* **Extracted entries**
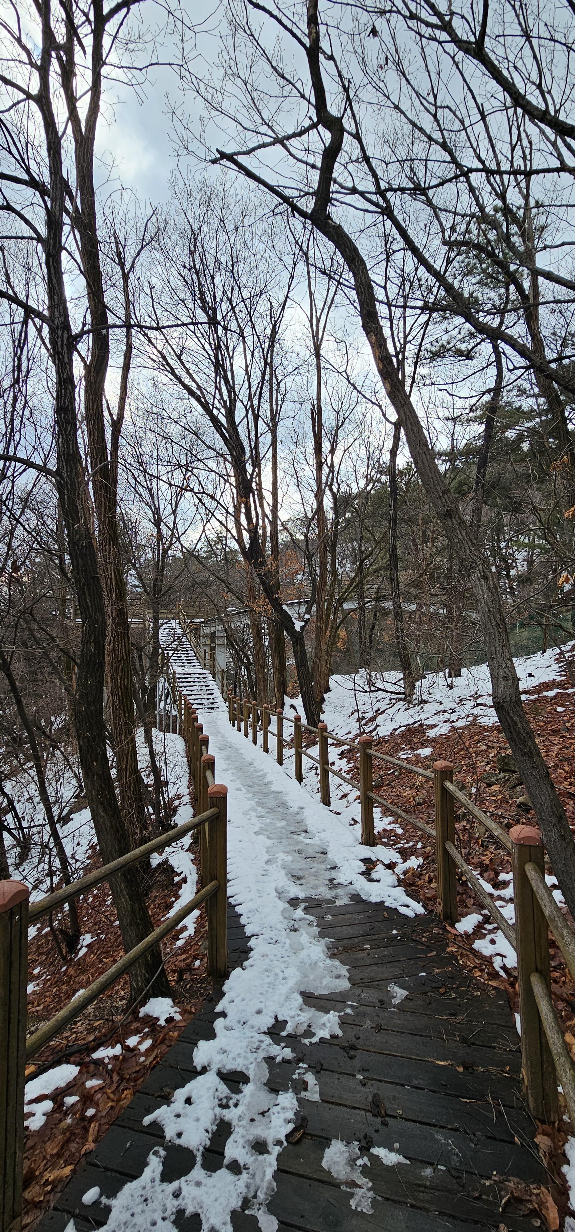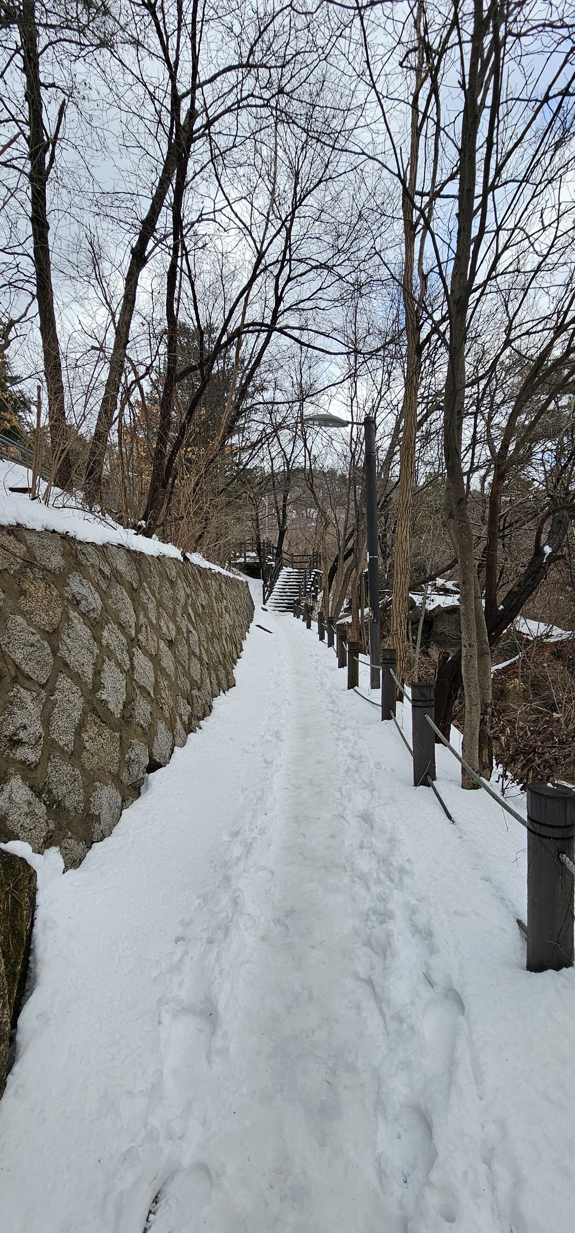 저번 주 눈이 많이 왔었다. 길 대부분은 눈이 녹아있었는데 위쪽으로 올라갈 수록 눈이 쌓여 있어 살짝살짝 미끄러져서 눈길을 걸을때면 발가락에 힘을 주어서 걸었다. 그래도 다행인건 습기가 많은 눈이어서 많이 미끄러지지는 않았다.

---

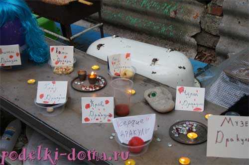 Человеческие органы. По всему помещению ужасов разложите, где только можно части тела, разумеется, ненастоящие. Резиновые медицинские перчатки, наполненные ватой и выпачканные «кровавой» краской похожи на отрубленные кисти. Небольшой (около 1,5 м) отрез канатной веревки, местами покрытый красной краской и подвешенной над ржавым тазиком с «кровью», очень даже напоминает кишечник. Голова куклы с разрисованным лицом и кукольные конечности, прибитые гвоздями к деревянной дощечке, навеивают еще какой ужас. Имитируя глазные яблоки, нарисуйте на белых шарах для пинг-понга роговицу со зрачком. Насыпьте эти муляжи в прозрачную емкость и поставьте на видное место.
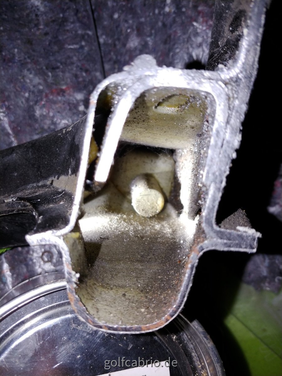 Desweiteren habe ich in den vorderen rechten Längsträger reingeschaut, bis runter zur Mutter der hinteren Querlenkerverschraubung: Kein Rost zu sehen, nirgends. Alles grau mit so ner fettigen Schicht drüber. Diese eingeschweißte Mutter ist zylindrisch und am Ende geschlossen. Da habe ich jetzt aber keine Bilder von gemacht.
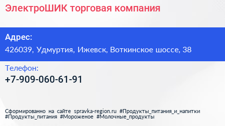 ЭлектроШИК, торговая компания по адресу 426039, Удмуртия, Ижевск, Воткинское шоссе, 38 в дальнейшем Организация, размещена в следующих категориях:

---

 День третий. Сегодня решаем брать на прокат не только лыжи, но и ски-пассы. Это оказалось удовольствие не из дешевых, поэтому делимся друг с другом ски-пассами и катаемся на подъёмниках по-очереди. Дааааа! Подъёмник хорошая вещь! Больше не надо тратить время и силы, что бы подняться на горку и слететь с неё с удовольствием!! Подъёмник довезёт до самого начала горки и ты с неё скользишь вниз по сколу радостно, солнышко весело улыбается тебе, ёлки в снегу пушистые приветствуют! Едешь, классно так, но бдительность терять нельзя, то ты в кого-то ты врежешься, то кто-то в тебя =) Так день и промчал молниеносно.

* **Instructions for the task**
Above are the records. Copy only the lines from the one with "Человеческие органы. По" through the one with "ЭлектроШИК, торговая компания", exactly, with no pictures.

* **Reply**
 Человеческие органы. По всему помещению ужасов разложите, где только можно части тела, разумеется, ненастоящие. Резиновые медицинские перчатки, наполненные ватой и выпачканные «кровавой» краской похожи на отрубленные кисти. Небольшой (около 1,5 м) отрез канатной веревки, местами покрытый красной краской и подвешенной над ржавым тазиком с «кровью», очень даже напоминает кишечник. Голова куклы с разрисованным лицом и кукольные конечности, прибитые гвоздями к деревянной дощечке, навеивают еще какой ужас. Имитируя глазные яблоки, нарисуйте на белых шарах для пинг-понга роговицу со зрачком. Насыпьте эти муляжи в прозрачную емкость и поставьте на видное место.
 Desweiteren habe ich in den vorderen rechten Längsträger reingeschaut, bis runter zur Mutter der hinteren Querlenkerverschraubung: Kein Rost zu sehen, nirgends. Alles grau mit so ner fettigen Schicht drüber. Diese eingeschweißte Mutter ist zylindrisch und am Ende geschlossen. Da habe ich jetzt aber keine Bilder von gemacht.
 ЭлектроШИК, торговая компания по адресу 426039, Удмуртия, Ижевск, Воткинское шоссе, 38 в дальнейшем Организация, размещена в следующих категориях:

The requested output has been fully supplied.